▶ _What the task asks_: Write out, word for word, each line from the start of the entries through the one holding "今回の特別展は「けもの」が主"; omit the pictures.
--- Input for this task Enclosed Below ---
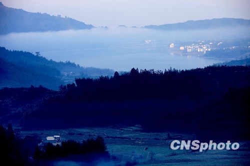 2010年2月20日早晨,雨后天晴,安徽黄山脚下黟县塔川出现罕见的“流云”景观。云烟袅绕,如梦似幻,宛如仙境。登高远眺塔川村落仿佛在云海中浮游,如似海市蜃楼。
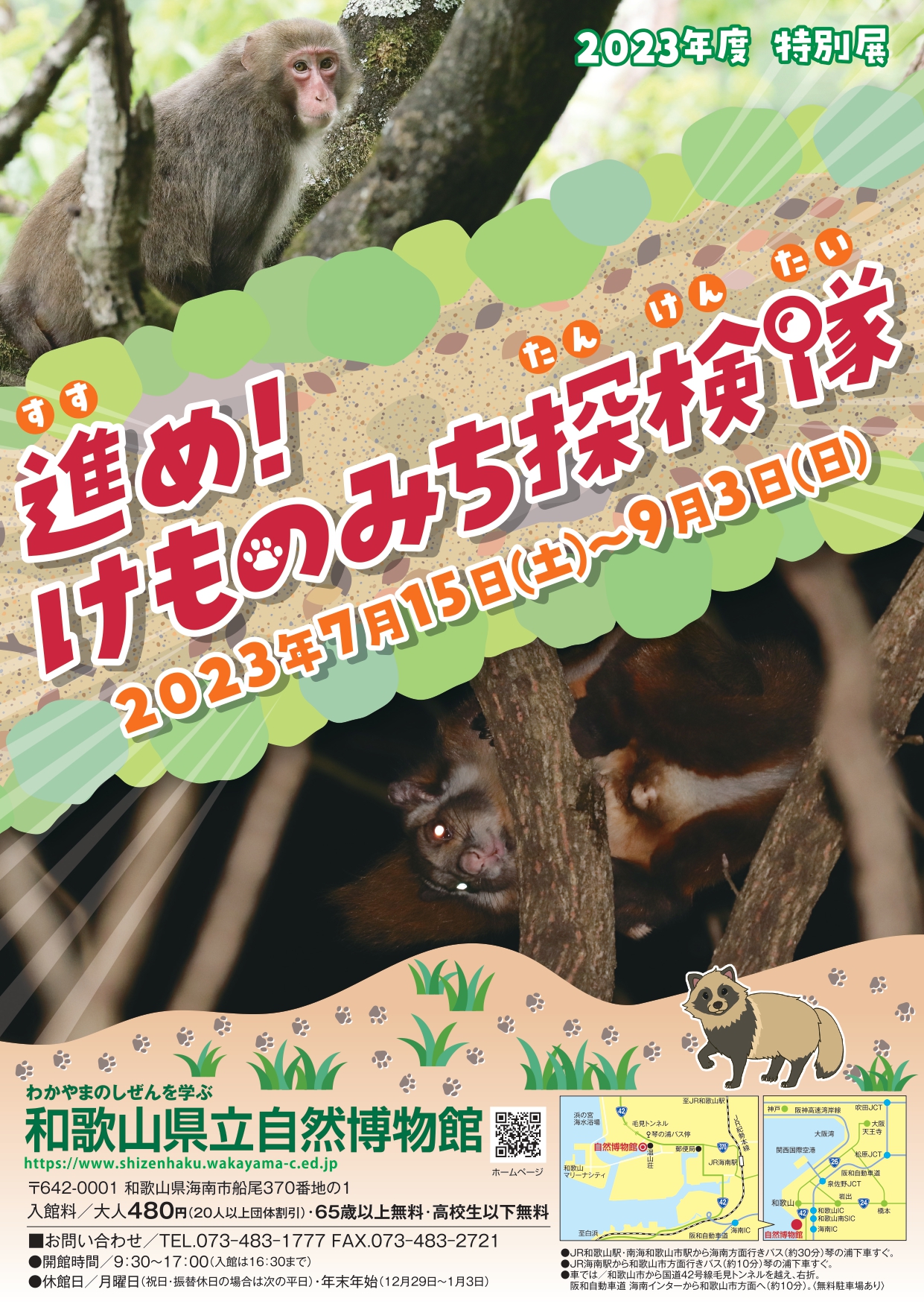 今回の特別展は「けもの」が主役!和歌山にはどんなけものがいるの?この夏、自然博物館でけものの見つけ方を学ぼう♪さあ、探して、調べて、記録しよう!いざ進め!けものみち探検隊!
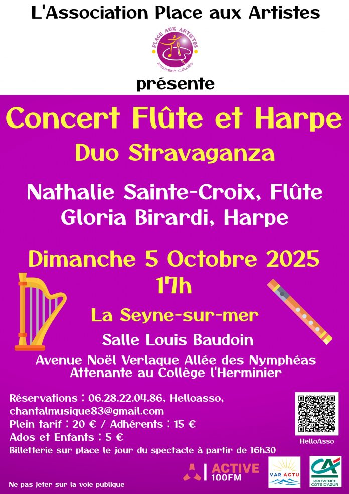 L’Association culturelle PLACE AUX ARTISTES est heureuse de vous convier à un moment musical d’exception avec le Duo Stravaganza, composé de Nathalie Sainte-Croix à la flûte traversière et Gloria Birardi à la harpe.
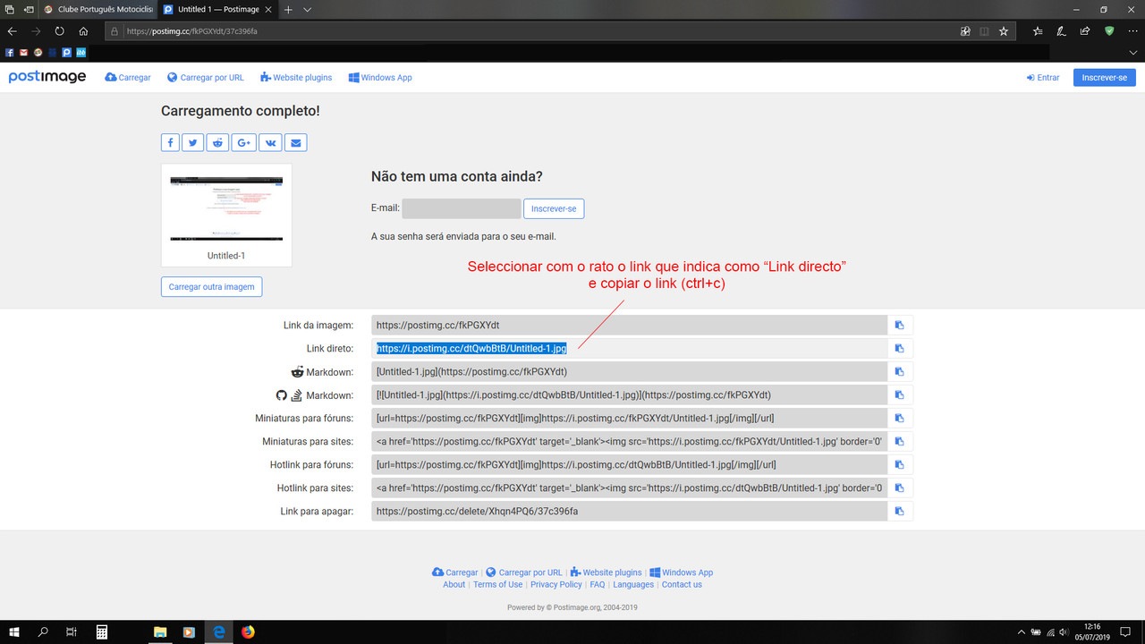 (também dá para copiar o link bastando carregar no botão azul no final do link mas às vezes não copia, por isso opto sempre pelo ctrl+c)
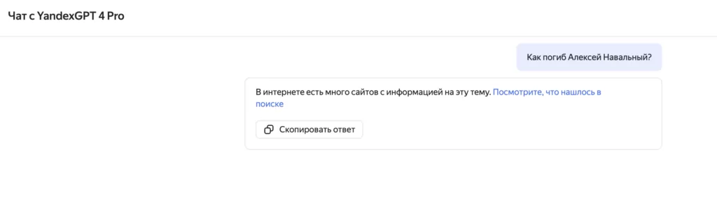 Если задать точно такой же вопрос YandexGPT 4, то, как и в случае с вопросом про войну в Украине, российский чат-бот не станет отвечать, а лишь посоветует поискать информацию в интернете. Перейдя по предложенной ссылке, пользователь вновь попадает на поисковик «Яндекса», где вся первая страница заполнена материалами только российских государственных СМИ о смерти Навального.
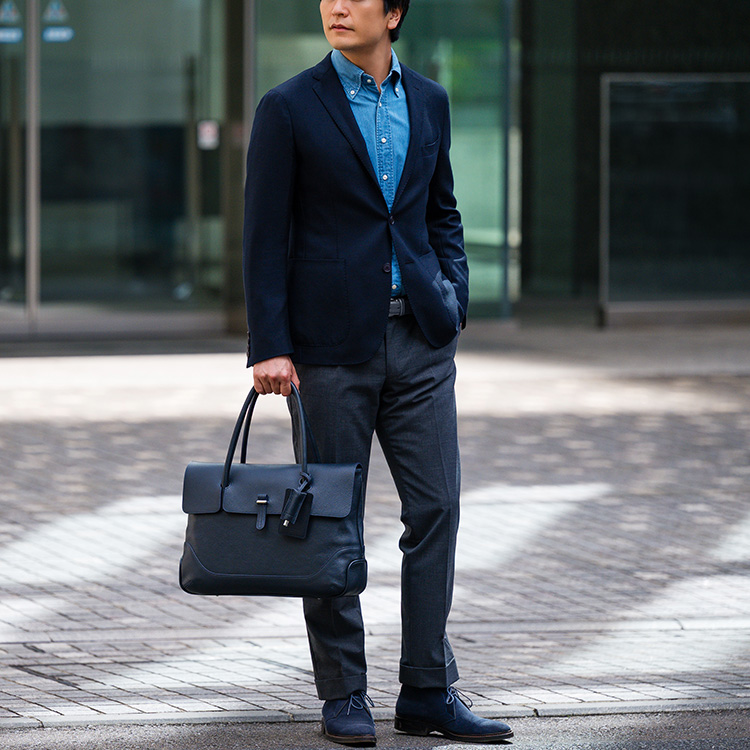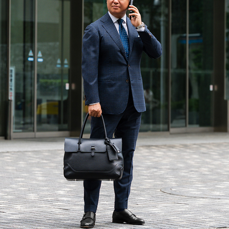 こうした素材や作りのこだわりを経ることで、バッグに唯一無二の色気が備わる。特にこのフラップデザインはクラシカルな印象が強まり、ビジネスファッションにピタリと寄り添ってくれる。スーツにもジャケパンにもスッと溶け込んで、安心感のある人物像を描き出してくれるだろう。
--- End of Enclosed Input for this task ---
▶ _Result of the exercise_:
 2010年2月20日早晨,雨后天晴,安徽黄山脚下黟县塔川出现罕见的“流云”景观。云烟袅绕,如梦似幻,宛如仙境。登高远眺塔川村落仿佛在云海中浮游,如似海市蜃楼。
 今回の特別展は「けもの」が主役!和歌山にはどんなけものがいるの?この夏、自然博物館でけものの見つけ方を学ぼう♪さあ、探して、調べて、記録しよう!いざ進め!けものみち探検隊!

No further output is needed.